Chefs reveal their tricks

Crafty cooks work their magic.

Certain chefs are quite secretive about their cooking “secrets.” But we found a group of pros that was willing to share a few culinary tricks.

At Talula in Miami Beach, chef-owner Frank Randazzo features Cork Braised Mediterranean Octopus with hearts of palm, artichoke and arugula. To tenderize the octopus, he tosses wine corks into the braising liquid. “I read about using corks to braise short ribs, so I decided to try it with octopus,” says Randazzo. Supposedly, it’s the enzymes in cork that do the tenderizing. Now Randazzo is a firm believer. “I was never able to get my octopus tender before.”

A creamy polenta can rapidly solidify into a dense softball. But Frank Brunacci, chef at Sixteen in Chicago, came up with a home run. “After cooking [five parts liquid to one part polenta], I whirl it in the Robot Coupe, then sandwich an even layer between two sheet pans,” he says. For service, Brunacci shapes small pieces with a cookie cutter and briefly sautes them.

It took Chris Cheung several months to perfect the sought-after Steamed Chinese Bao Buns with Liquid Foie Gras Filling he serves at New York City’s Monkey Bar.  The challenge: to prevent the foie gras from seeping into the dough. “Bao are typically filled with roast pork and held in a warmer, but you can’t hold foie gras—it melts,” Cheung notes. To keep the foie gras from leaking, he enclosed it in a wonton wrapper and inserted the “package” into the center of the dough. Worked like a charm. And he steams each bao to order, so there’s no seepage.

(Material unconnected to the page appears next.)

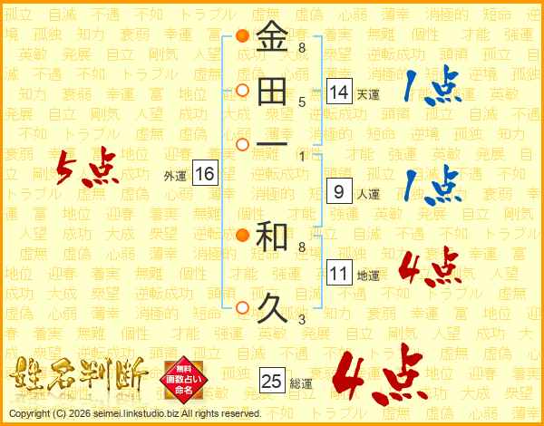 金田一和久さんの総運は25画の4点!

Seth Bowden, chef at Cortez Restaurant & Bar in San Francisco, discovered a novel way to clarify stock. “Instead of using egg whites [the classic method], I set the liquid with gelatin, freeze it, then let it thaw through cheesecloth,” he says. The flavor is not altered or compromised by the addition of egg white.” Bowden uses the same technique to clarify fresh juices.

Another trick for the stockpot is put to use by Rodney Friedank of Table 301 in Greenville, South Carolina. When making broth-based soups, he adds okra to his mirepoix along with the standard onions, celery and carrots. “When the vegetables are strained out, the liquid has nice body,” Friedank claims. He credits Paul Prudhomme for this idea, picked up while the two were cooking at a charity event.

The rind from Parmigiano-Reggiano is never discarded by Jennifer Jasinski of Rioja Restaurant in Denver. “I soak it in milk or cream and use that as a sauce base for Eggs Benedict,” she says.  Jasinski also makes Parmesan emulsions by steeping the rinds in olive oil and letting them infuse the oil over a long period of time. “It imparts a Parmesan taste without the heaviness.”

At the Umstead Hotel and Spa in Cary, North Carolina, Daniel Benjamin figured out how to keep sugar from crystallizing on a saucepan’s sides. “I cover the pot with an inverted bowl,” he says. “Water condensates inside the bowl and a little drips down into the pot, washing away the sugar crystals.”